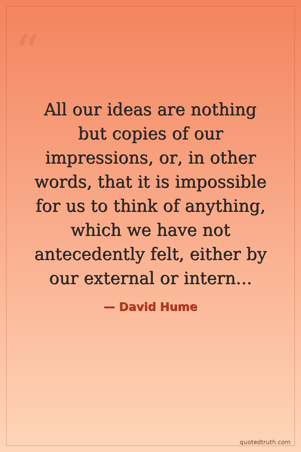 All our ideas are nothing but copies of our impressions, or, in other words, that it is impossible for us to think of anything, which we have not antecedently felt, either by our external or internal senses.
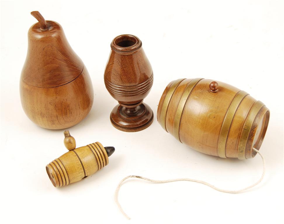 A turned walnut and parcel gilt string barrel, inscribed 'Castellane' with screw off cover, base missing, 5in (12.5cm) l, another smaller barrel, a turned treen pear shape box and cover, and a turned spill vase. (4)
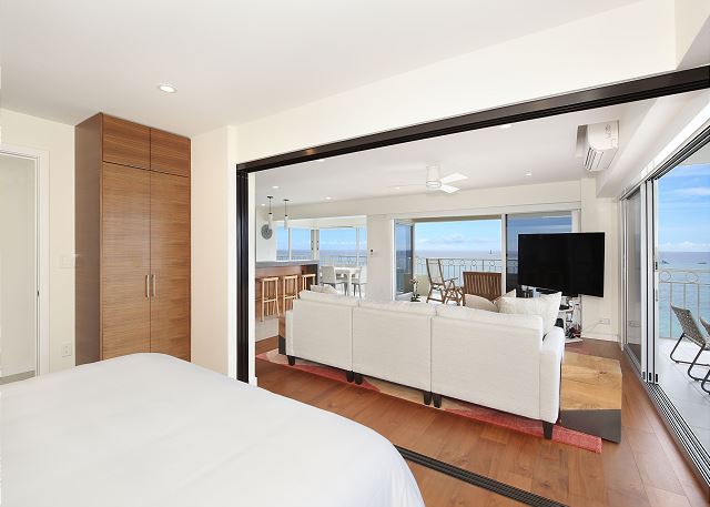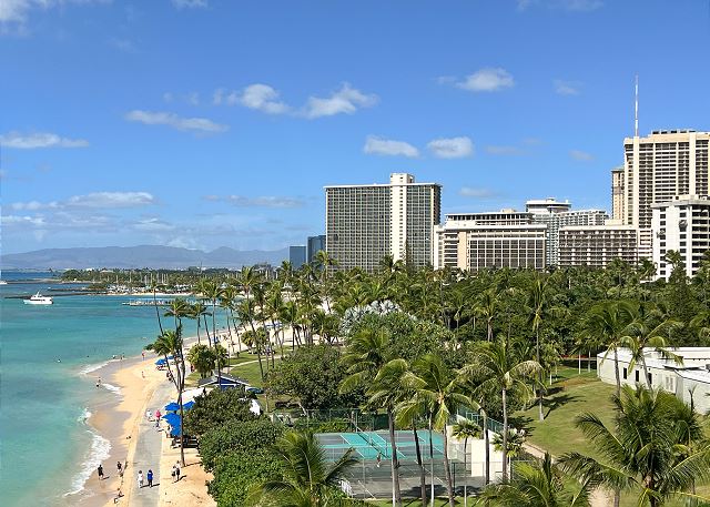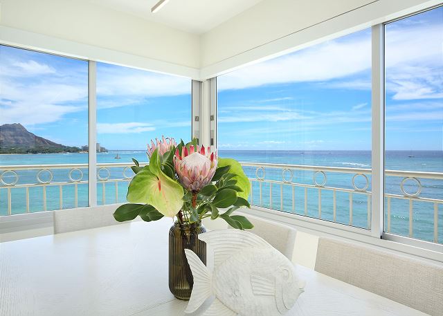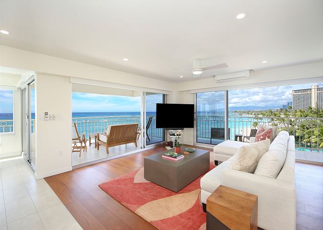 オンライン上予約は承諾待ちのリクエストとして取り扱われます。ワイキキの青い海を見渡すすばらしいオーシャンビュー、そしてコオラウの山並みの景色まで続く角部屋ならではのすばらしいパノラマ。2ベッド、2バス。涼しい貿易風、静かなエアコン完備。おしゃれなキッチン・バー。2つのテレビ。室内洗濯機/乾燥機、室内無料Wi-Fi、無料駐車場1台付き。4名様まで宿泊可。
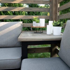 - Comfortable cushions include Sunbrella fabric giving you maximum comfort and proven, long-lasting trust in the outdoor seating

» **Work required**:
Where the line containing "オンライン上予約は承諾待ちの" appears, begin writing out the lines word for word, and continue through the last line of the data, leaving out pictures.

» **Problem solution**:
 オンライン上予約は承諾待ちのリクエストとして取り扱われます。ワイキキの青い海を見渡すすばらしいオーシャンビュー、そしてコオラウの山並みの景色まで続く角部屋ならではのすばらしいパノラマ。2ベッド、2バス。涼しい貿易風、静かなエアコン完備。おしゃれなキッチン・バー。2つのテレビ。室内洗濯機/乾燥機、室内無料Wi-Fi、無料駐車場1台付き。4名様まで宿泊可。
 - Comfortable cushions include Sunbrella fabric giving you maximum comfort and proven, long-lasting trust in the outdoor seating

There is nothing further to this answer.